** Given information follows **

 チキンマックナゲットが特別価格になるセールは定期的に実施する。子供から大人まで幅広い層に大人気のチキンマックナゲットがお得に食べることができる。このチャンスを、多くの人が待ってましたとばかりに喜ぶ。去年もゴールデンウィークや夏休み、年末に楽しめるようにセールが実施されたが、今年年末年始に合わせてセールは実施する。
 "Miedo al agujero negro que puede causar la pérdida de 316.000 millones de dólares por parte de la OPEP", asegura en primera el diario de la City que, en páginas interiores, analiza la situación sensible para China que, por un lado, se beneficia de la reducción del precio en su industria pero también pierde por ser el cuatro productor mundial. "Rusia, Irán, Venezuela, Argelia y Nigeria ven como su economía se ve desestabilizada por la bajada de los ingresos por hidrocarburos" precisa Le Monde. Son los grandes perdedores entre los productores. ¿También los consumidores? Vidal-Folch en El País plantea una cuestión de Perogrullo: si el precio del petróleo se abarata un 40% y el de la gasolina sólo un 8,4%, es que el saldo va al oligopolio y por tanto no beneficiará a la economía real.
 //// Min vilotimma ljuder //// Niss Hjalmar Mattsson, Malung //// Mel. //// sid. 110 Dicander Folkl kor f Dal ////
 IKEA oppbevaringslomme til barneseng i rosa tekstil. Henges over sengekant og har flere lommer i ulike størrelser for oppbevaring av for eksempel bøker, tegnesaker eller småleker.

** End of Given information **
** Given information follows **

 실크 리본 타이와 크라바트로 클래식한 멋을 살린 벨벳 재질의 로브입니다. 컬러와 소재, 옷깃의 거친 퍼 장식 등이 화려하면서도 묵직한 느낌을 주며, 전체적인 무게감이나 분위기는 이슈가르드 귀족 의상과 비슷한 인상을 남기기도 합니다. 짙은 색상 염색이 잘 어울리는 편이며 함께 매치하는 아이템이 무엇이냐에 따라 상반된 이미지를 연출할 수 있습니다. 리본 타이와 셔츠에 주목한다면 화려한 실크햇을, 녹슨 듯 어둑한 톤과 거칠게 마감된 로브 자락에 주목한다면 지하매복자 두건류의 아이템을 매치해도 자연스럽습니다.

** End of Given information **
** Given information follows **

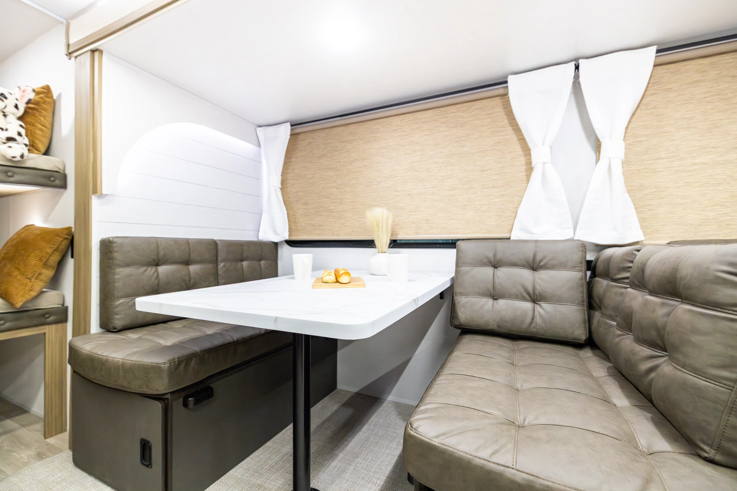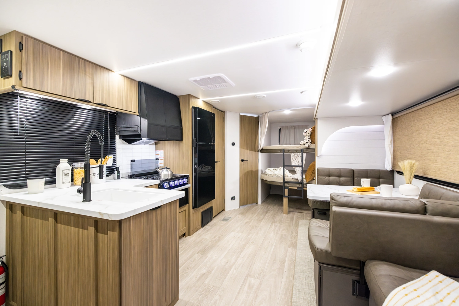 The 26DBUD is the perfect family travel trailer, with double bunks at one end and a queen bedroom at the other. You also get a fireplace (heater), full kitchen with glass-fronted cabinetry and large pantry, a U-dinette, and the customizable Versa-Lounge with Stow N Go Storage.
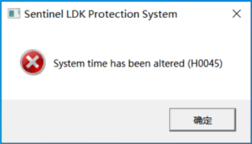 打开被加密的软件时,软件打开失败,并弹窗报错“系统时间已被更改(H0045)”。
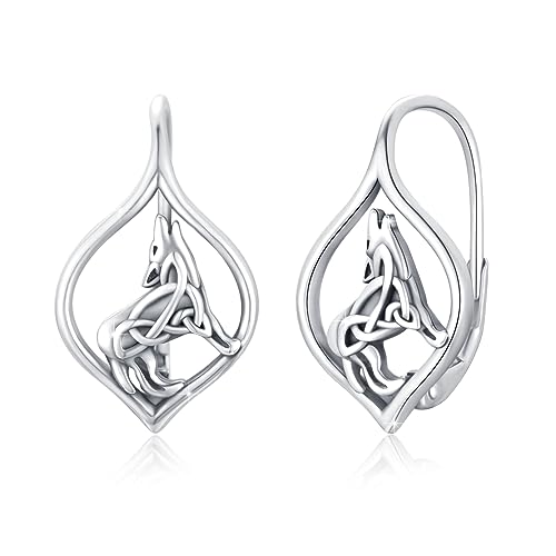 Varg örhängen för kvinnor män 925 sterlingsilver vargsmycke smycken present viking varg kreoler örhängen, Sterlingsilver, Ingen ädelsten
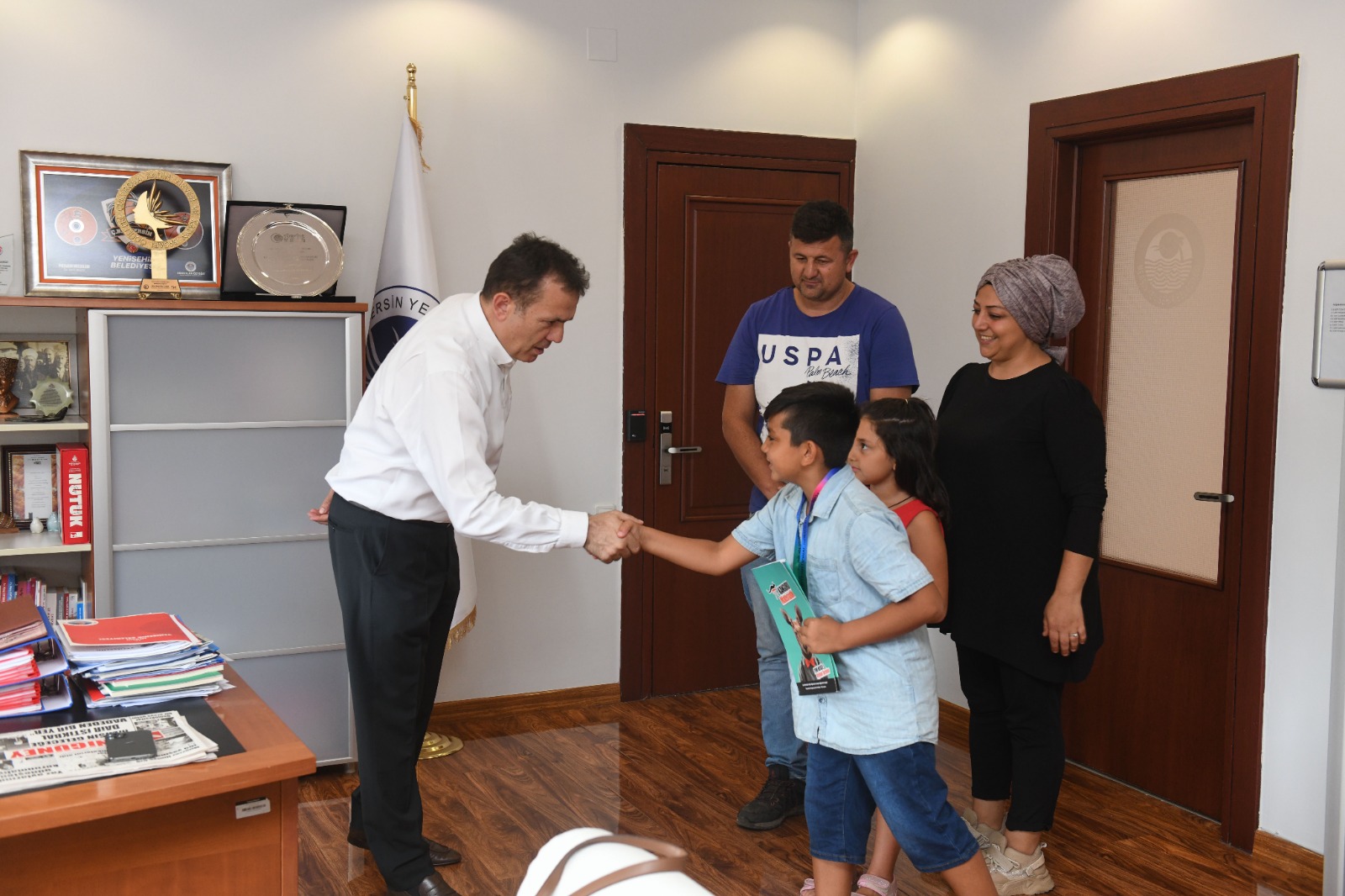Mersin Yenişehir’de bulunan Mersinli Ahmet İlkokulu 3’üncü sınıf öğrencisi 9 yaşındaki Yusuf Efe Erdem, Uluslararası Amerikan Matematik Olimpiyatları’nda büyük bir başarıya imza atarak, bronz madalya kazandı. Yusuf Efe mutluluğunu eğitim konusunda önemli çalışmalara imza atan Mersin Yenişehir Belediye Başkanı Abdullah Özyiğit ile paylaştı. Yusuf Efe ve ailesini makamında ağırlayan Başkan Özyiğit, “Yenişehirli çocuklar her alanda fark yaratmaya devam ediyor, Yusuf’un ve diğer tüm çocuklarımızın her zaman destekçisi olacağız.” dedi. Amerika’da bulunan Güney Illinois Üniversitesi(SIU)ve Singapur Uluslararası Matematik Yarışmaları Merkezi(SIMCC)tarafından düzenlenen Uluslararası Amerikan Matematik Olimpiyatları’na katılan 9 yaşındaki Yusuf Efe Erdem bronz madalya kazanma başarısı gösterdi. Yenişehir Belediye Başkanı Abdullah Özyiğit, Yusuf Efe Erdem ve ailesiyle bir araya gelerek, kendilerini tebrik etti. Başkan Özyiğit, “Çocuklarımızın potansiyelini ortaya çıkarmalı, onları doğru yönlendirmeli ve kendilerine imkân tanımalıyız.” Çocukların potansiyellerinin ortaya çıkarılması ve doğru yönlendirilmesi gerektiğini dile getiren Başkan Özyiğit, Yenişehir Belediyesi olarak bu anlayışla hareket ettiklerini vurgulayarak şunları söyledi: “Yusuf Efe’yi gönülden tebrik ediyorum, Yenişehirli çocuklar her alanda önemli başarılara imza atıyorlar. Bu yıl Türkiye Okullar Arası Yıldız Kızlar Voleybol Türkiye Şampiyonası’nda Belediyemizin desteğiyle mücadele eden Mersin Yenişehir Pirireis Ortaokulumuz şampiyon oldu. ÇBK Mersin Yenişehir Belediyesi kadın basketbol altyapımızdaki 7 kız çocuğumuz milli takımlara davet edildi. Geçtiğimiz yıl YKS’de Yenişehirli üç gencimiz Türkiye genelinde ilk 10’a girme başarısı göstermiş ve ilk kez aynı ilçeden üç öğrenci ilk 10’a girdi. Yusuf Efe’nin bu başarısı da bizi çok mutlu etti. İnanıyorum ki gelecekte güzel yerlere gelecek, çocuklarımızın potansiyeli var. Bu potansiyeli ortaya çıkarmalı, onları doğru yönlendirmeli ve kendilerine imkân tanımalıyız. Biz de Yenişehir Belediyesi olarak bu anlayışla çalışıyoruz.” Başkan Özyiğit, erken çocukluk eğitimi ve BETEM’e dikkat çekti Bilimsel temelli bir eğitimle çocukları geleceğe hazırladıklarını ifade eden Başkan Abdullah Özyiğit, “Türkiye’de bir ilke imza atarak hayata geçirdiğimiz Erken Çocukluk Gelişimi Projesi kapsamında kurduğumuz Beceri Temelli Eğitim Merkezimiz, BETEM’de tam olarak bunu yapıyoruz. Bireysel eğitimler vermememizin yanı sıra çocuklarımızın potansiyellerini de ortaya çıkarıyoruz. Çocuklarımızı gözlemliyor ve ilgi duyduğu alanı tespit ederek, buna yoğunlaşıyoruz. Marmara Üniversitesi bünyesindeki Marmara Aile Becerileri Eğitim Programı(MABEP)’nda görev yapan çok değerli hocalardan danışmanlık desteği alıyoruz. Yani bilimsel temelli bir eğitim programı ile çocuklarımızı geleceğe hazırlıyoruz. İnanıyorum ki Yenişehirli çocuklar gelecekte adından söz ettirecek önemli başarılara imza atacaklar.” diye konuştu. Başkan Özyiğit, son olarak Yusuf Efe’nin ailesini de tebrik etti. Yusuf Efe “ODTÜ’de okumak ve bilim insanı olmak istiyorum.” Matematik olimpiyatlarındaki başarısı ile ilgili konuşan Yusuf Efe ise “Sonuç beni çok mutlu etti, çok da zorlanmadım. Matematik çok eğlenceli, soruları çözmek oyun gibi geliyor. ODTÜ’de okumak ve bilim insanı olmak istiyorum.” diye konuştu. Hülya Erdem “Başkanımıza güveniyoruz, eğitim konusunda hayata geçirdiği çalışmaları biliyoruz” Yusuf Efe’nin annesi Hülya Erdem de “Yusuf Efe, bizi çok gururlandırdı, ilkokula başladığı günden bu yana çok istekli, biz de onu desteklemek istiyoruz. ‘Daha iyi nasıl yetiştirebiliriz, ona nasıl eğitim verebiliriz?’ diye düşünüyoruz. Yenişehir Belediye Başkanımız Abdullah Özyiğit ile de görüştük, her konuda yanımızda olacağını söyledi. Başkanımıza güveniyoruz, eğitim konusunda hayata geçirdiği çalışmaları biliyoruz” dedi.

** End of Given information **

#### Problem requirements
All that belongs in the answer is the run of lines above from the line containing "la economía real." through the line containing "kor f Dal ////", exactly as written.

#### Result of the task
 "Miedo al agujero negro que puede causar la pérdida de 316.000 millones de dólares por parte de la OPEP", asegura en primera el diario de la City que, en páginas interiores, analiza la situación sensible para China que, por un lado, se beneficia de la reducción del precio en su industria pero también pierde por ser el cuatro productor mundial. "Rusia, Irán, Venezuela, Argelia y Nigeria ven como su economía se ve desestabilizada por la bajada de los ingresos por hidrocarburos" precisa Le Monde. Son los grandes perdedores entre los productores. ¿También los consumidores? Vidal-Folch en El País plantea una cuestión de Perogrullo: si el precio del petróleo se abarata un 40% y el de la gasolina sólo un 8,4%, es que el saldo va al oligopolio y por tanto no beneficiará a la economía real.
 //// Min vilotimma ljuder //// Niss Hjalmar Mattsson, Malung //// Mel. //// sid. 110 Dicander Folkl kor f Dal ////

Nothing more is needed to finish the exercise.